Usdaw – the Union of Shop, Distributive and Allied Workers – has led the campaign to lower the threshold limit for employer liability cases. In it’s view, the measures might be discouraging workers from taking their employer to court if they are injured in the workplace.
On Tuesday 23 October, the Civil Liabilities Bill passed its third reading. It will now progress to Royal Assent to be enshrined in English and Welsh law. The Bill is the overarching legislation that lays the foundations for regulations relating to the level of legal aid an individual can receive to progress their claim for damage and/or loss to court.
Richard Burgon MP explained: “Through that route, the government want to increase the small claims limit from £1,000 to £2,000 in all cases and from £1,000 to £5,000 in road traffic accident cases. That will make it much harder for workers to get compensation for workplace injuries, and for genuinely injured people to get a fair settlement.
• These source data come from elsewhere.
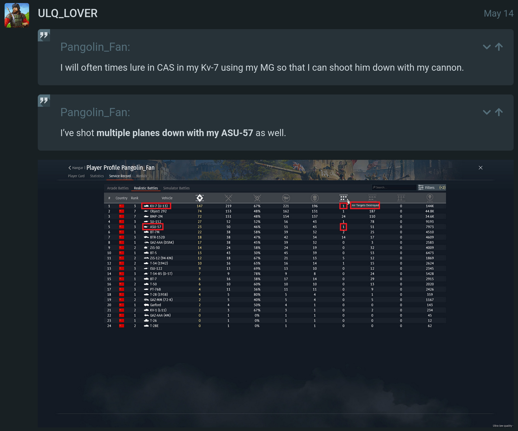 The same way you have multiple kills in the ASU-57 and you bait plane with the Kv-7 mg to shot them down with the main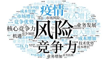 以景气预期特征词及其词频总计数生成词云,可以发现“风险”“竞争力”“疫情”“收入增长”“核心竞争力”是频数最高的5个特征词,出现次数分别为10103次、4616次、3498次、2101次以及1865次,占总词频分别为17%、8%、6%、4%以及3%。整体来看,当前由于宏观经济形势背景与疫情所带来的影响,企业对于由此所伴随的风险和不确定性是持非常谨慎的态度。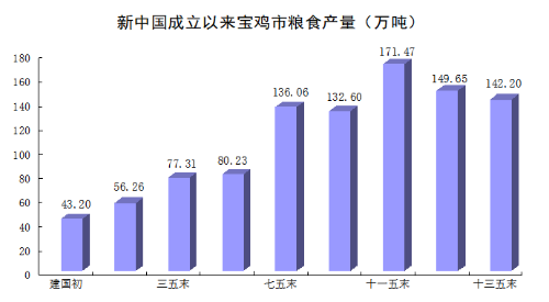 20世纪初,封建土地私有制的桎梏,小农经济的束缚,严重阻碍了生产力的发展,加之自然灾害频繁、苛捐杂税、植被破坏、农田失修,农业生产长期处于低产落后局面。1949年,全市粮食总产量只有43.2万吨,亩产仅67.5公斤。新中国成立以后,历经农田水利设施建设,家庭联产承包责任制、农村土地制度、农村集体产权制度、全面取消农业税等一系列深层改革,宝鸡市农业生产力得到极大释放。特别是近年来,我市始终坚持农业农村优先发展,以乡村振兴为总抓手,深入推进农业供给侧结构性改革,聚力打造特色现代农业强市,农业综合生产能力全面提升。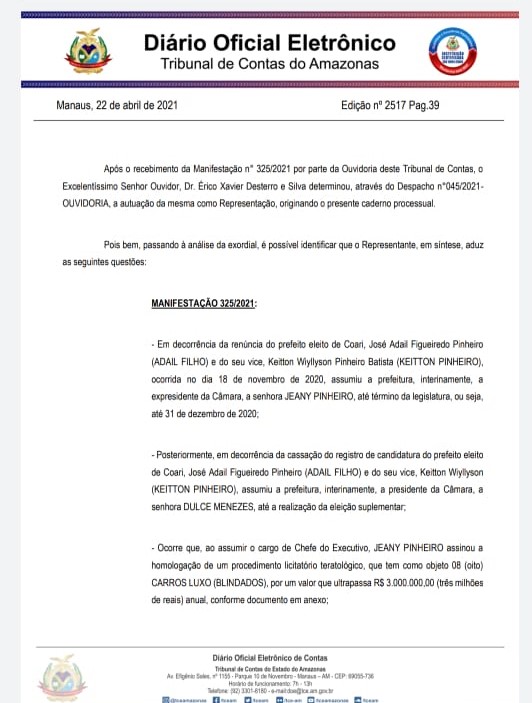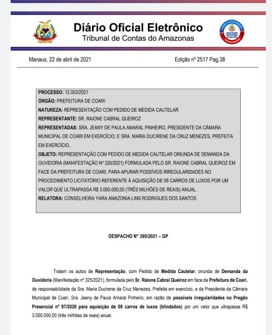 O Tribunal de Contas do Estado (TCE) vai apurar possíveis irregularidades no procedimento licitatório feito pela Prefeitura de Coari para a aquisição de oito carros de luxo. Quatro deles blindados com o valor superior a R$ 3 milhões. A atual prefeita em exercício do município, Dulce Menezes (MDB) e a prefeita em exercício à época da licitação, Jeany Pinheiro (PP) vão precisar dar explicações ao Tribunal de Contas sobre o contrato.

A significantly greater number of claims will be dealt with through the small claims procedure, whereby no legal costs are usually awarded, even in successful claims.
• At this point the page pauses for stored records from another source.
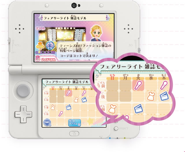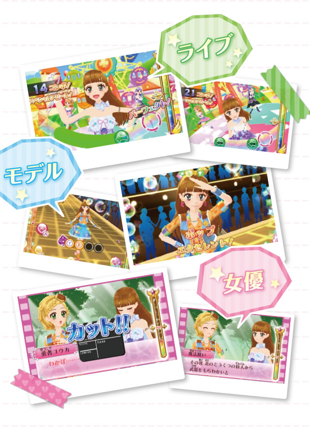 大人気!アイカツ!が超パワーアップして登場! 今度のアイカツ!は150種類以上のお仕事をこなして、トップアイドルを目指す、リアルアイドルアドベンチャー! オリジナルのストーリーを楽しみながら、お仕事を自分でスケジューリングして、キラキラなアイドル活動をはじめよう!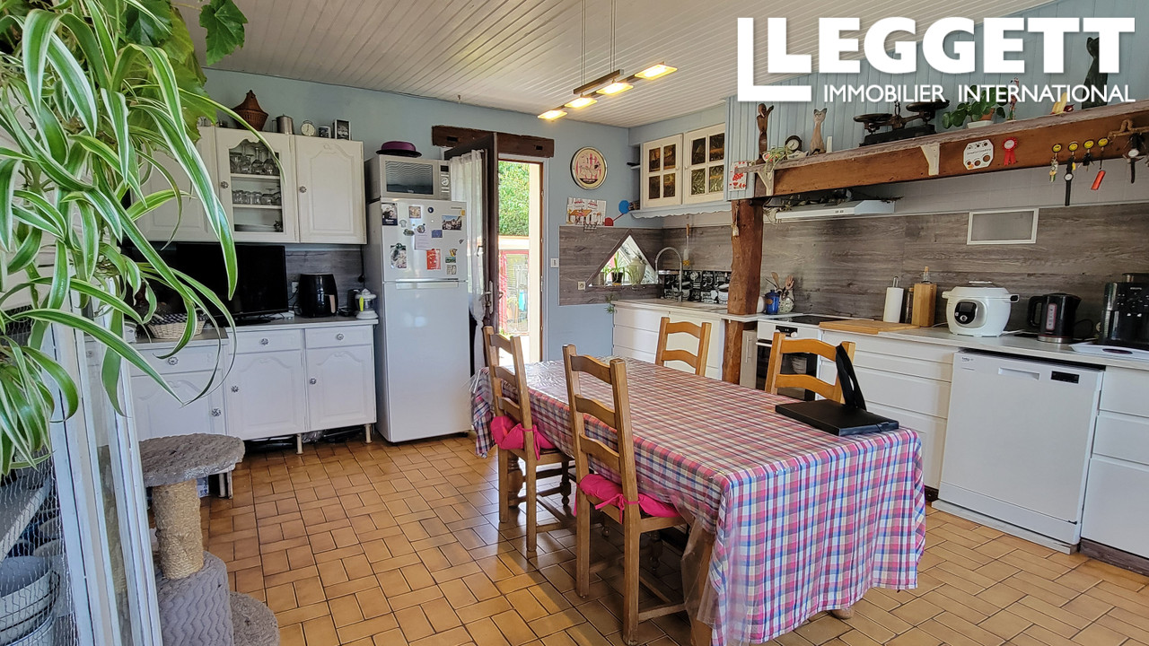 L'intérieur dévoile une ambiance chaleureuse et accueillante avec sa cuisine spacieuse et traversante, ouvrant directement sur la terrasse, son espace de vie convivial au carrelage d'origine et équipé d'un poêle à bois, ses trois chambres confortables, sa salle-de-bain, sa salle d'eau et ses 2 toilettes.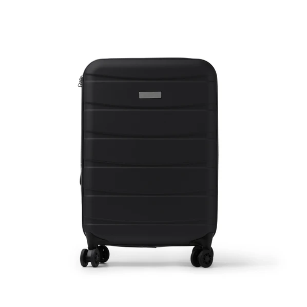Жесткий черный чемодан Foldy на колесиках сделан из переработанного полиэстера RPET. Трансформируемый объём. Колеса-спинеры облегчают перемещение в любом направлении. Подходит для ручной клади.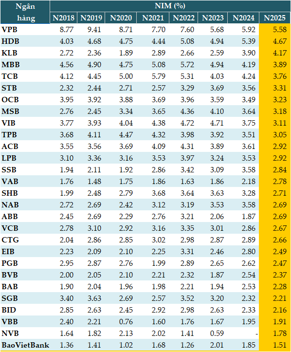 VPBank là ngân hàng có hệ số NIM cao nhất, đạt 5.58%; kế đến là HDBank (HDB, 4.67%), KienlongBank (KLB, 4.17%), MB (MBB, 3.89%) và Techcombank (TCB, 3.67%).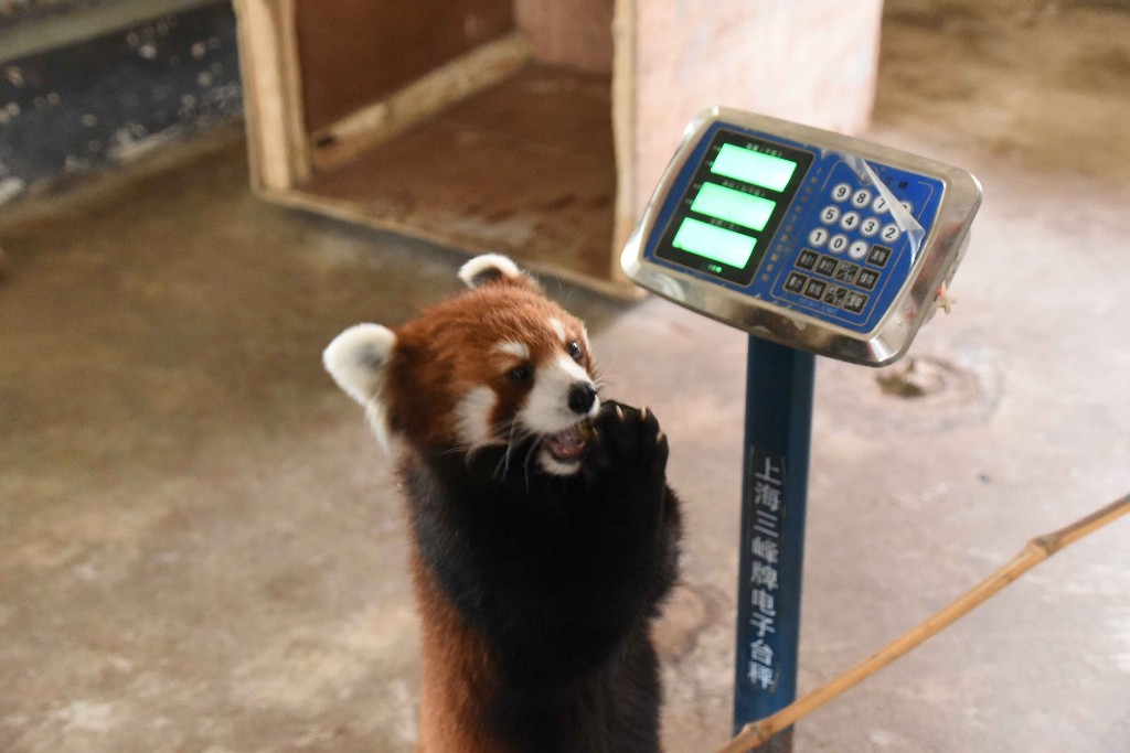 小熊貓對(duì)稱(chēng)體重、量身高體長(zhǎng)等體檢項(xiàng)目十分喜愛(ài)。因?yàn)轱曫B(yǎng)員們會(huì)用美食吸引它們走上體重秤,并在秤上直立身體量身高。小熊貓“小豆包”體檢時(shí)會(huì)展現(xiàn)出聰明又粘人的本性,抱住秤不撒爪,撒嬌賣(mài)萌很是可愛(ài)。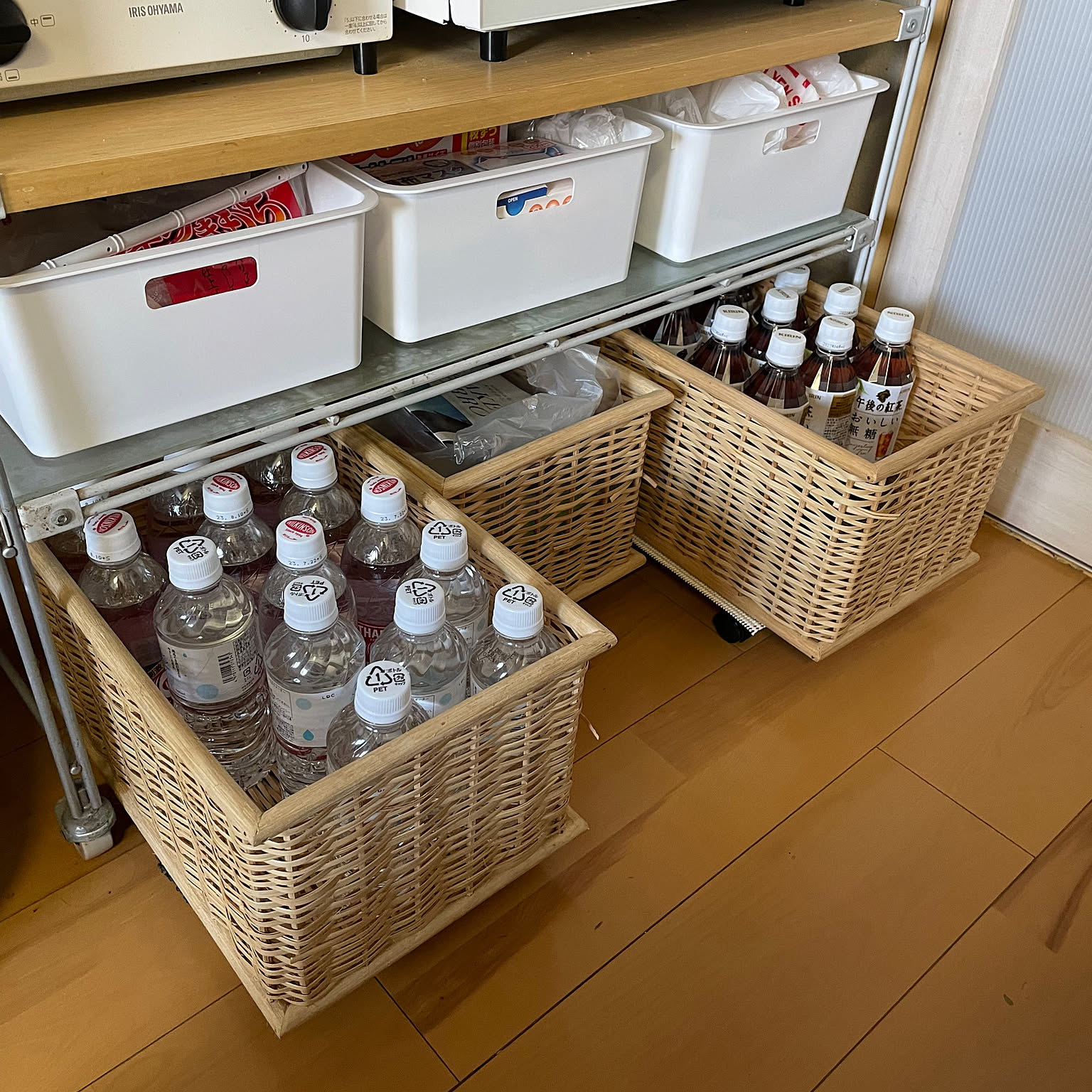 備蓄やまとめ買い対策に。箱買いペットボトルの収納アイデアキナリノ。

“When legal fees are not covered, tens of thousands of working people will simply be priced out of obtaining legal assistance, resulting in many pulling, dropping or not pursuing their cases.”
During the House of Commons debate, Ruth George MP, a former Usdaw worker, added: “It is a huge undertaking for a layperson to take a case to court. Most would not even dream of it, especially a case against their employer, who will be armed with their own lawyers and often with an insurance company.
“It is extremely difficult to determine liability in the case of many accidents at work, especially in instances like those I saw when I worked for the Union of Shop, Distributive and Allied Workers. Deliveries are made to stores by a third party and there are incidents in warehouses that may be the fault of one party, the fault of another company or the fault of the employee. Those arguments are exceedingly difficult to pin down, especially for an individual claimant, and they require the assistance of a lawyer.”